Respected Southeast Asian history scholar, Michael Vickery, dies

Michael Vickery. facebook.com/mimi.saeju

With the death of Michael Vickery in Battambang, Cambodia last Thursday, Southeast Asian history lost a giant.

American by birth, Vickery trained as a European classicist, but became a historian of Asia. His extraordinary talent for languages, retentive memory and analytical skill made him a historian's historian.

Although his first love was Cambodia, Vickery also wrote a dozen articles on Siam that are acknowledged as major and lasting contributions. He was fascinated by chronicles, by the problems of untangling dates, by words, by the importance of royal and official titles, and by old administrative structures.

In 1971, he came across a manuscript in the Thailand National Library and realised it was part of a lost chronicle, the only one found within the last century. He translated the text and explained its content, revealing new aspects of relations between Siam and Cambodia in the 15th century. The Thai historian, Nidhi Eoseewong, suggested this discovered chronicle should be named the "Vickery Chronicle" in his honour.

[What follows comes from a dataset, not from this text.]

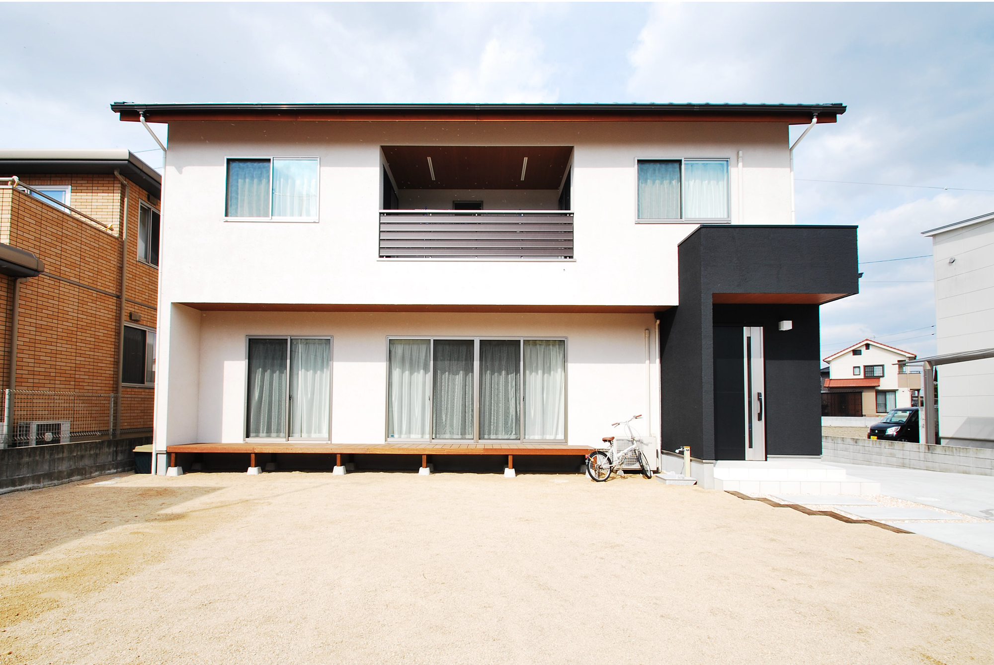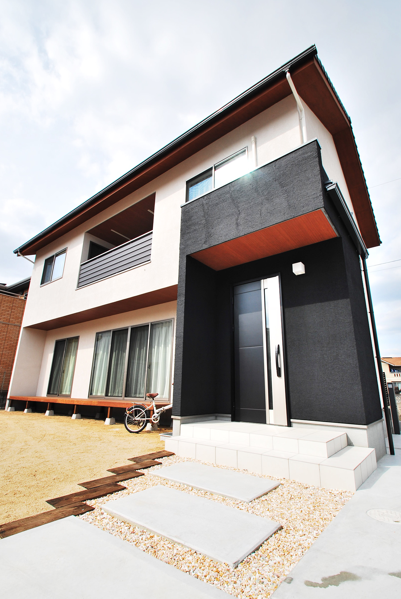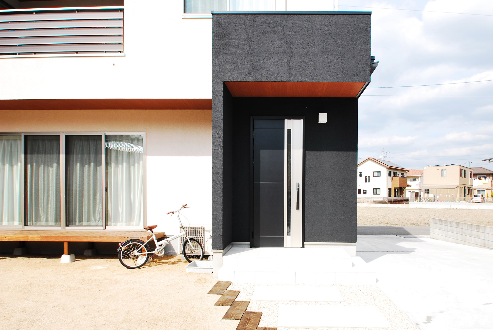 モノトーンにナチュラルな木目が演出するオシャレな外観のO様邸。

He wrote a series of articles on the Three Seals Code, the collection of old law texts compiled in 1805. He showed that the dates on these texts were often wrong, but the royal titles provided an alternative guide to dating. He used these law texts to map the administrative structure of the Ayutthaya kingdom. Another set of articles urged scholars to be more sceptical about the dating of the Traibumikatha, the Three Worlds cosmology attributed to King Lithai of Sukhothai.

Around 1990, he joined the group of scholars that challenged the authenticity of the Ramkhamhaeng Inscription from Sukhothai, provoking a controversy that inspired new interest in Thai history. He liked nothing better than a good argument.

Except when he was advising the Khmer Rouge Tribunal defence or teaching in Phnom Penh, Vickery spent much of his later life in Chiang Mai, and produced another batch of articles on the Lanna chronicles, Si Satchanalai kilns and related subjects. His range was very wide. He also wrote on regional elites in 19th century Siam.

The rigour, depth and discipline of his work became legendary. He was sometimes merciless with colleagues who failed his standards, but loved to lend his expertise to students and scholars who shared his enthusiasm. He will be sadly missed, but his work will live on.